The required output is the exact text of the lines from the line containing "Las, Pies, Skała, Drzewa, Omszała, Owczarek" through the final line below, inclusive, without pictures.

• Given data
-- Opening Marker --

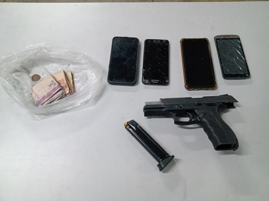 A equipe policial, por volta das 17h15, foi acionada por populares, que relataram que um indivíduo tinha sido imobilizado, por ter cometido roubo a clientes de uma lanchonete. Os policiais foram ao local e após a revista pessoal, foi encontrado com o suspeito uma pistola Marca Taurus, calibre 380, modelo 838, numeração KIW89938, com carregador; além de 13 munições não deflagradas; quatro aparelhos celulares, sendo três da marca Samsung modelos J2 cor preta, A10 cor azul, J5 cor cinza, e um LG D337 cor cinza; além de uma quantia em dinheiro de R$ 226. No estabelecimento, três vítimas, entre 23 e 63 anos, reconheceram o indivíduo como autor do roubo.
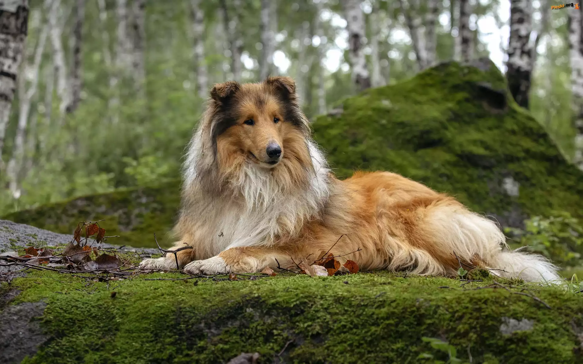Las, Pies, Skała, Drzewa, Omszała, Owczarek szkocki długowłosy, Pieski
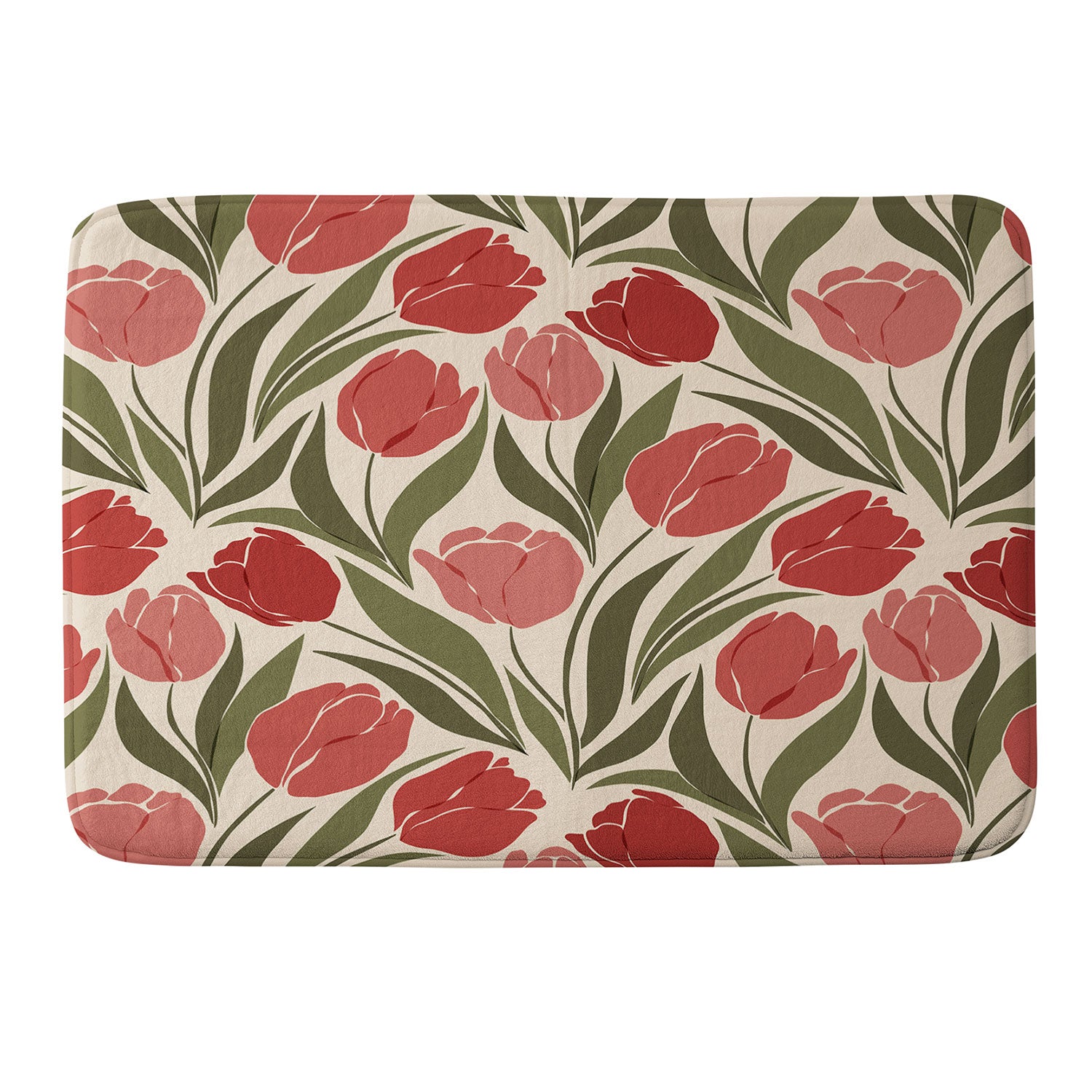 Cuss Yeah Designs Red Tulip Field Memory Foam Bath Mat
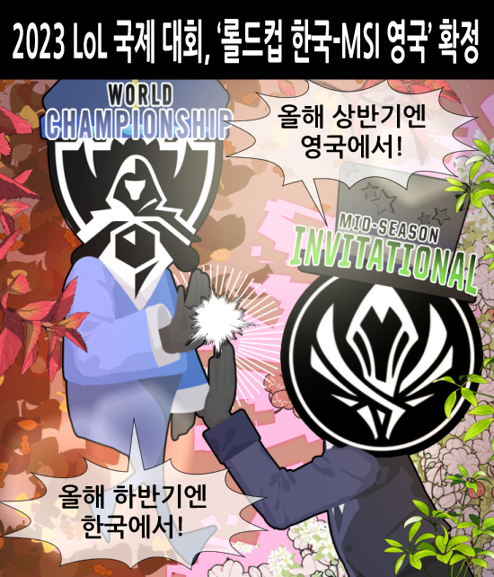 ¶óÀ̾ù °ÔÀÓÁî(ÀÌÇÏ ¶óÀ̾ù)°¡ 2023³â ¡®¸®±× ¿Àºê ·¹Àüµå(League of Legends, ÀÌÇÏ LoL)¡¯ ÇÑ ÇØ e½ºÆ÷Ã÷¸¦ ¸¶¹«¸®ÇÏ´Â ¡®LoL ¿ùµå èÇǾð½Ê(World Championship, ÀÌÇÏ ·ÑµåÄÅ)¡¯¸¦ Çѱ¹¿¡¼­ °³ÃÖÇÑ´Ù. ½ºÇÁ¸µ ½ÃÁðÀÌ ³¡³­ ÈÄ °³ÃÖÇÏ´Â ¡®¹Ìµå ½ÃÁð ÀκñÅ×À̼ųÎ(Mid-Season Invitational, ÀÌÇÏ MSI)¡¯Àº ¿µ±¹ ·±´ø °³ÃÖ´Ù.

-- Closing Marker --

• Output for this task
Las, Pies, Skała, Drzewa, Omszała, Owczarek szkocki długowłosy, Pieski
 Cuss Yeah Designs Red Tulip Field Memory Foam Bath Mat
 ¶óÀ̾ù °ÔÀÓÁî(ÀÌÇÏ ¶óÀ̾ù)°¡ 2023³â ¡®¸®±× ¿Àºê ·¹Àüµå(League of Legends, ÀÌÇÏ LoL)¡¯ ÇÑ ÇØ e½ºÆ÷Ã÷¸¦ ¸¶¹«¸®ÇÏ´Â ¡®LoL ¿ùµå èÇǾð½Ê(World Championship, ÀÌÇÏ ·ÑµåÄÅ)¡¯¸¦ Çѱ¹¿¡¼­ °³ÃÖÇÑ´Ù. ½ºÇÁ¸µ ½ÃÁðÀÌ ³¡³­ ÈÄ °³ÃÖÇÏ´Â ¡®¹Ìµå ½ÃÁð ÀκñÅ×À̼ųÎ(Mid-Season Invitational, ÀÌÇÏ MSI)¡¯Àº ¿µ±¹ ·±´ø °³ÃÖ´Ù.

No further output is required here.